## WHAT THE EXERCISE ASKS
Go through the entries below and print each one exactly, leaving out pictures.

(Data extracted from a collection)
━━━

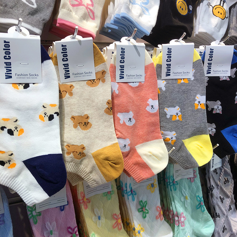 25 한국 생체 컬러 봄과 여름 새로운 양말 사랑스러운 만화 개 여자 양말 컬러 매칭 낮은 허리 짧은 튜브스토어 가기
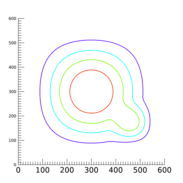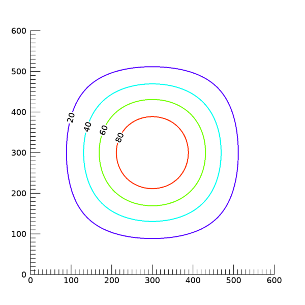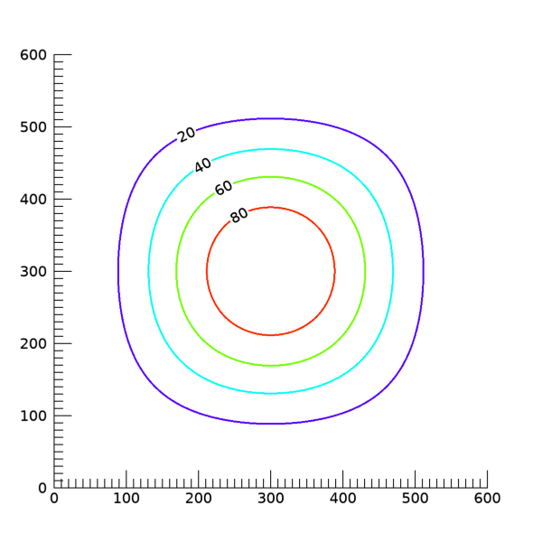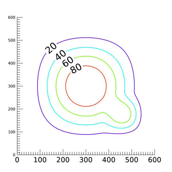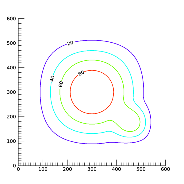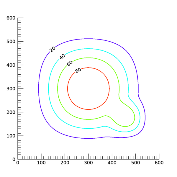 이렇게 하면 4개의 등위선들 중 세번째, 즉 값 60에 대응되는 등위선에 대해서만 라벨 문자가 나타나지 않도록 처리됩니다. 즉 각각의 등위선 별로 개별적인 설정이 가능합니다. 위의 그림을 얻는 과정에서 C_LABEL_SHOW 속성만 이렇게 변경한다면, 다음과 같은 그림을 얻게 됩니다.
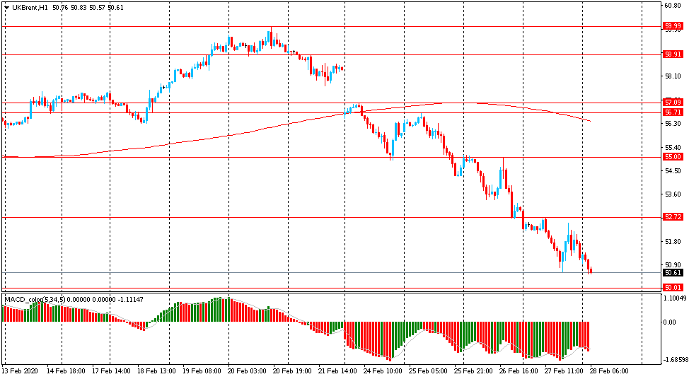 Yesterday, the price of Brent crude oil was once again declining and closed the day in the red zone near the price of $51.10. Today the oil also fell to $50.50, updating monthly lows. On the hourly chart, Brent is still trading below the MA (200) H1 moving average line ($56.40). On the four-hour chart, the situation is similar.
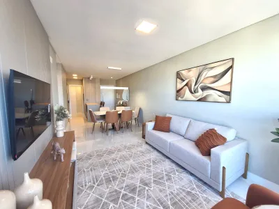 Excelente apartamento de frente, totalmente mobiliado e decorado, com 2 suítes, lavabo, área social com estar, jantar, gourmet e churrasqueira, cozinha americana, ambientes integrados em conceito aberto, lavanderia, box pra carro. Prédio alto padrão com infra completa
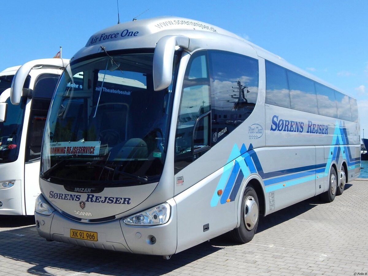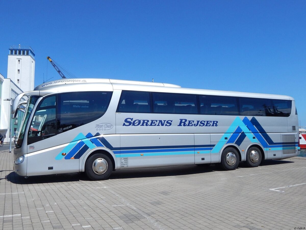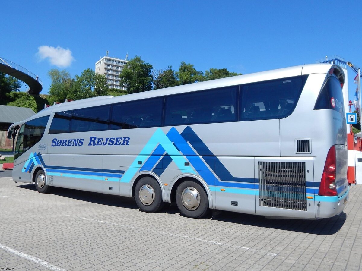 Scania Irizar von Sørens Rejser aus Dänemark im Stadthafen Sassnitz.
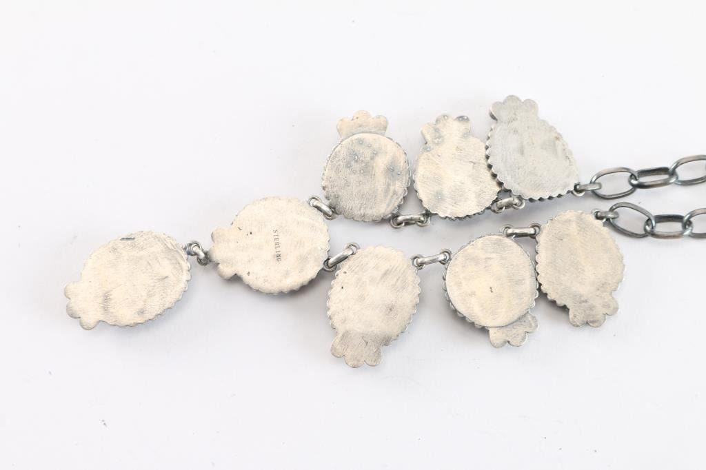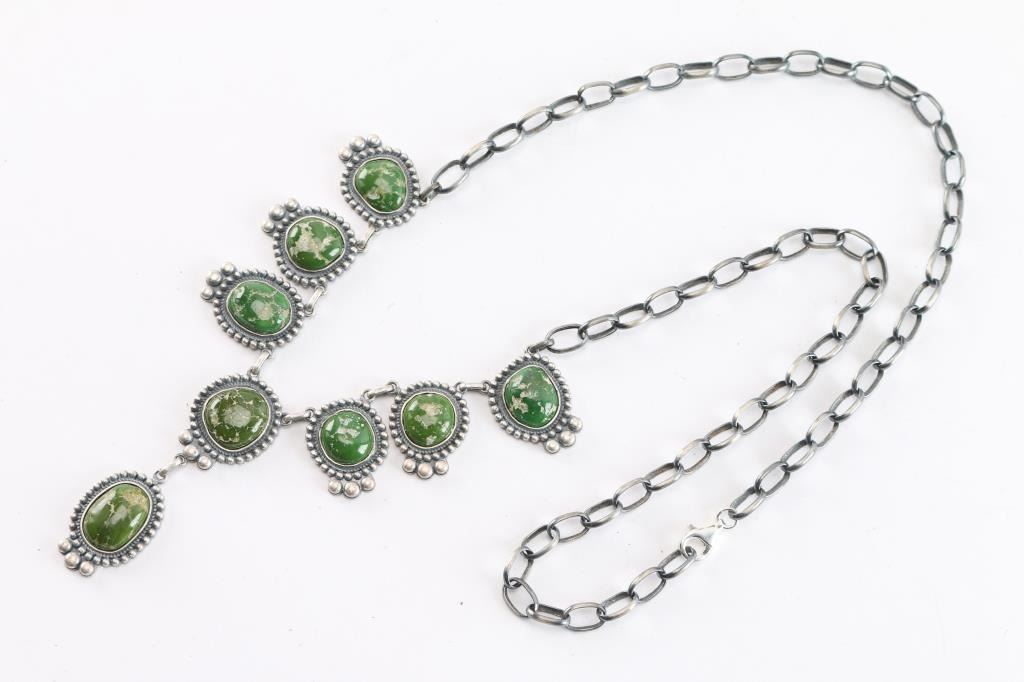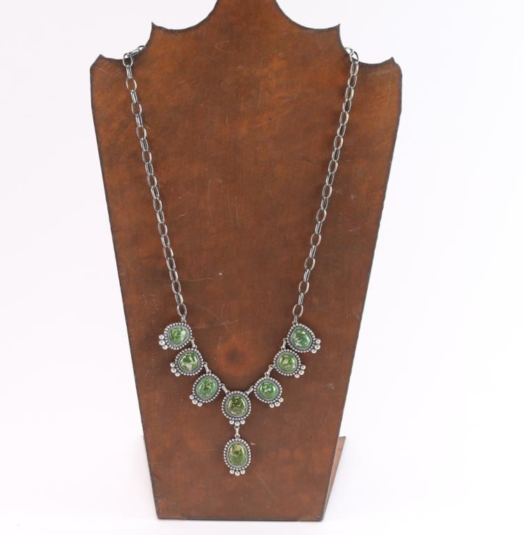 8 Stone Turquoise Necklace Set In Satin Finished Sterling.
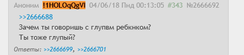 >ты только закапываешь себя на днище. Хотя, казалось бы, куда уж ниже. Напомнило фкея, который прогнал Элю руководствуюсь правилами, после чего прогнал меня руководствуясь... своим ресентиментом xD Закапал себя так глубоко, что уже никто его не откапает, и сам он со дна не вылезет. Ну ничего, зато у него есть десяток скриншотов с его обидчиком. Пущай сидит годами, смотрит и подпитывает свой ресентимент.
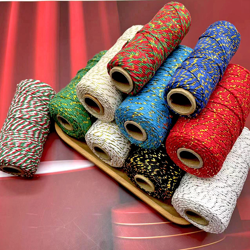 100メートル/金銀糸綿糸diy手織りギフト包装結束ロープクリスマス装飾ペンダントロープ
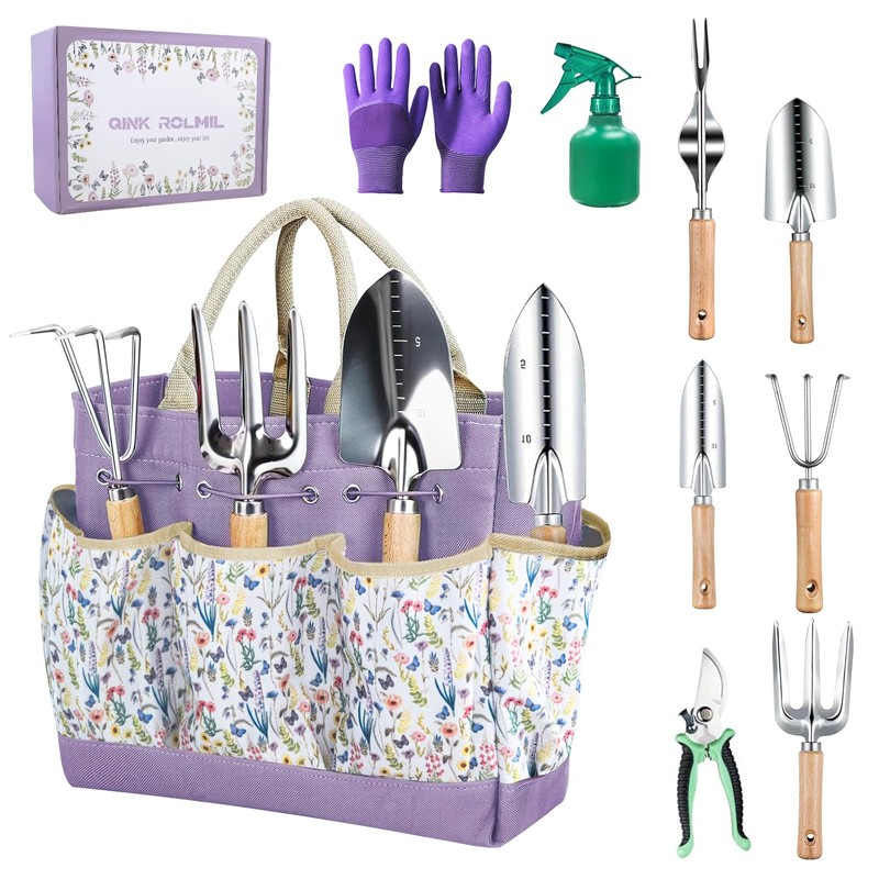 - One for All Package:QINK ROLMIL gardening tool set includes a total of 8 tools and 1 storage bag. Pruning shears, weeder, planter, cultivator, spray water bottle, gloves and so on, almost all the tools for daily garden maintenance.
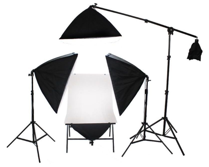 | Équipement | Tableau photo 100x60x55 cm - 1 pc. Boîte à lumière 50x70 cm - 4 pièces Lampe 155 W 5500 K - 4 pièces. Rack 2,1 m - 3 pièces Grue à barre transversale - 1 pc. |
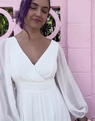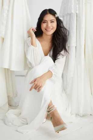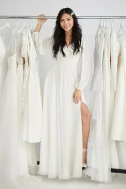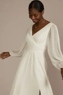 Long billowed sleeves make this dreamy A-line wedding dress different from all the rest. A pleated waistband and a surplice bodice add elegant shape, while the keyhole back lends a touch of drama.
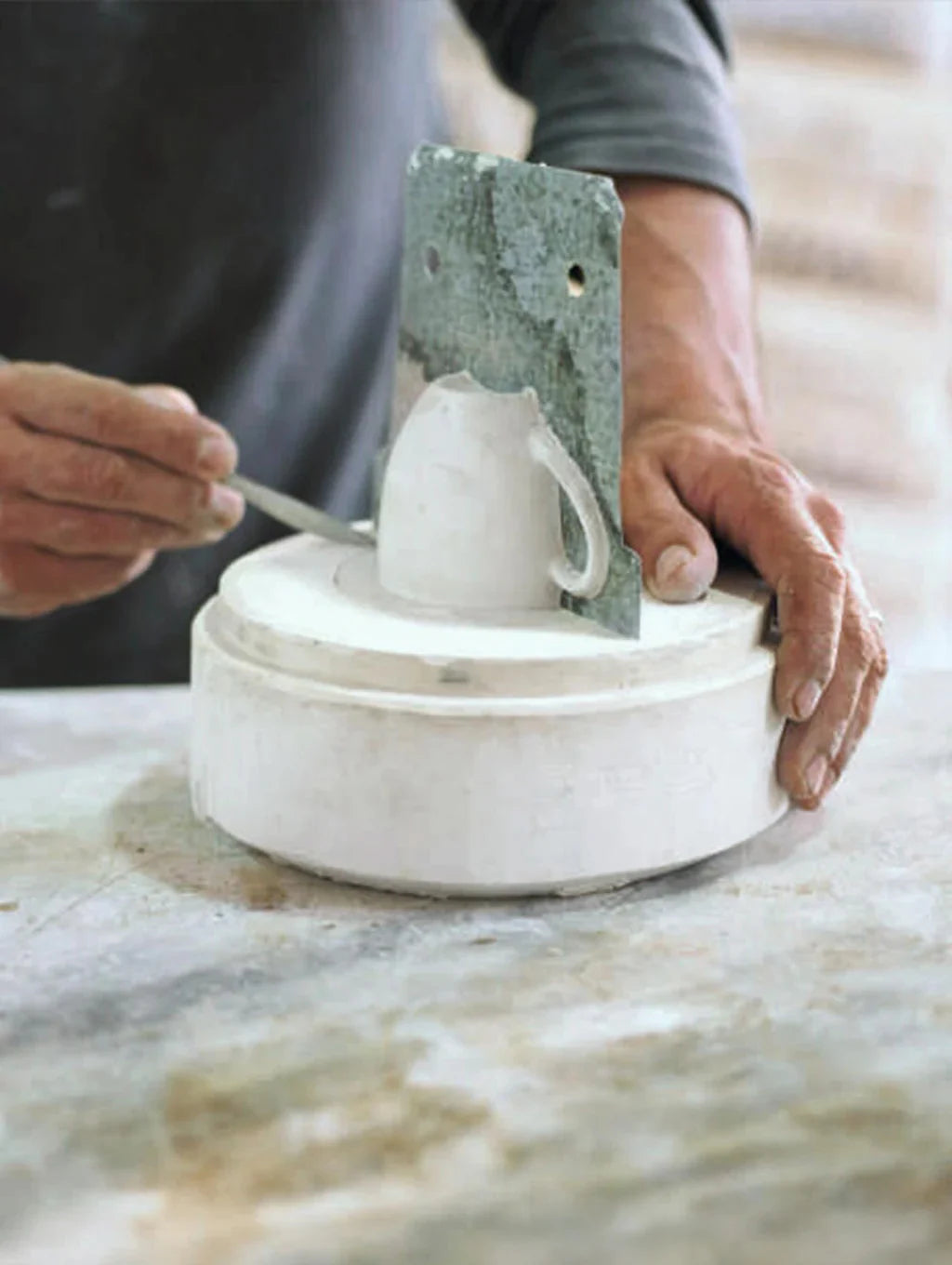 Irregular, organic shape with a hand-friendly matte eggshell glaze. Handcrafted in Portugal; reactive glaze makes every piece one of a kind.
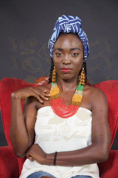 Jeune femme robe colliers boucles traditionnelle teint caramel
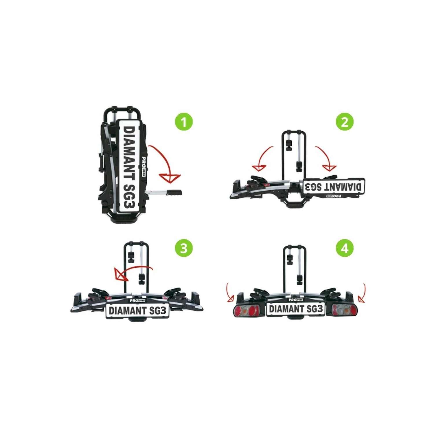 Pro-User Diamant SG3 to funkcjonalny bagażnik rowerowy na hak do przewozu trzech rowerów. bagażnik rowerowy na hak łączy prostotę obsługi z uniwersalnym zastosowaniem.
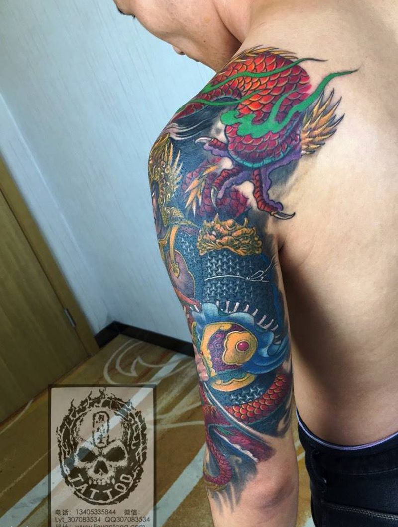 赤龙赵云纹身图片_成品胸部手臂传统人物动物神兽纹身图案

━━━

## OUTPUT
 25 한국 생체 컬러 봄과 여름 새로운 양말 사랑스러운 만화 개 여자 양말 컬러 매칭 낮은 허리 짧은 튜브스토어 가기
 이렇게 하면 4개의 등위선들 중 세번째, 즉 값 60에 대응되는 등위선에 대해서만 라벨 문자가 나타나지 않도록 처리됩니다. 즉 각각의 등위선 별로 개별적인 설정이 가능합니다. 위의 그림을 얻는 과정에서 C_LABEL_SHOW 속성만 이렇게 변경한다면, 다음과 같은 그림을 얻게 됩니다.
 Yesterday, the price of Brent crude oil was once again declining and closed the day in the red zone near the price of $51.10. Today the oil also fell to $50.50, updating monthly lows. On the hourly chart, Brent is still trading below the MA (200) H1 moving average line ($56.40). On the four-hour chart, the situation is similar.
 Excelente apartamento de frente, totalmente mobiliado e decorado, com 2 suítes, lavabo, área social com estar, jantar, gourmet e churrasqueira, cozinha americana, ambientes integrados em conceito aberto, lavanderia, box pra carro. Prédio alto padrão com infra completa
 Scania Irizar von Sørens Rejser aus Dänemark im Stadthafen Sassnitz.
 8 Stone Turquoise Necklace Set In Satin Finished Sterling.
 >ты только закапываешь себя на днище. Хотя, казалось бы, куда уж ниже. Напомнило фкея, который прогнал Элю руководствуюсь правилами, после чего прогнал меня руководствуясь... своим ресентиментом xD Закапал себя так глубоко, что уже никто его не откапает, и сам он со дна не вылезет. Ну ничего, зато у него есть десяток скриншотов с его обидчиком. Пущай сидит годами, смотрит и подпитывает свой ресентимент.
 100メートル/金銀糸綿糸diy手織りギフト包装結束ロープクリスマス装飾ペンダントロープ
 - One for All Package:QINK ROLMIL gardening tool set includes a total of 8 tools and 1 storage bag. Pruning shears, weeder, planter, cultivator, spray water bottle, gloves and so on, almost all the tools for daily garden maintenance.
 | Équipement | Tableau photo 100x60x55 cm - 1 pc. Boîte à lumière 50x70 cm - 4 pièces Lampe 155 W 5500 K - 4 pièces. Rack 2,1 m - 3 pièces Grue à barre transversale - 1 pc. |
 Long billowed sleeves make this dreamy A-line wedding dress different from all the rest. A pleated waistband and a surplice bodice add elegant shape, while the keyhole back lends a touch of drama.
 Irregular, organic shape with a hand-friendly matte eggshell glaze. Handcrafted in Portugal; reactive glaze makes every piece one of a kind.
 Jeune femme robe colliers boucles traditionnelle teint caramel
 Pro-User Diamant SG3 to funkcjonalny bagażnik rowerowy na hak do przewozu trzech rowerów. bagażnik rowerowy na hak łączy prostotę obsługi z uniwersalnym zastosowaniem.
 赤龙赵云纹身图片_成品胸部手臂传统人物动物神兽纹身图案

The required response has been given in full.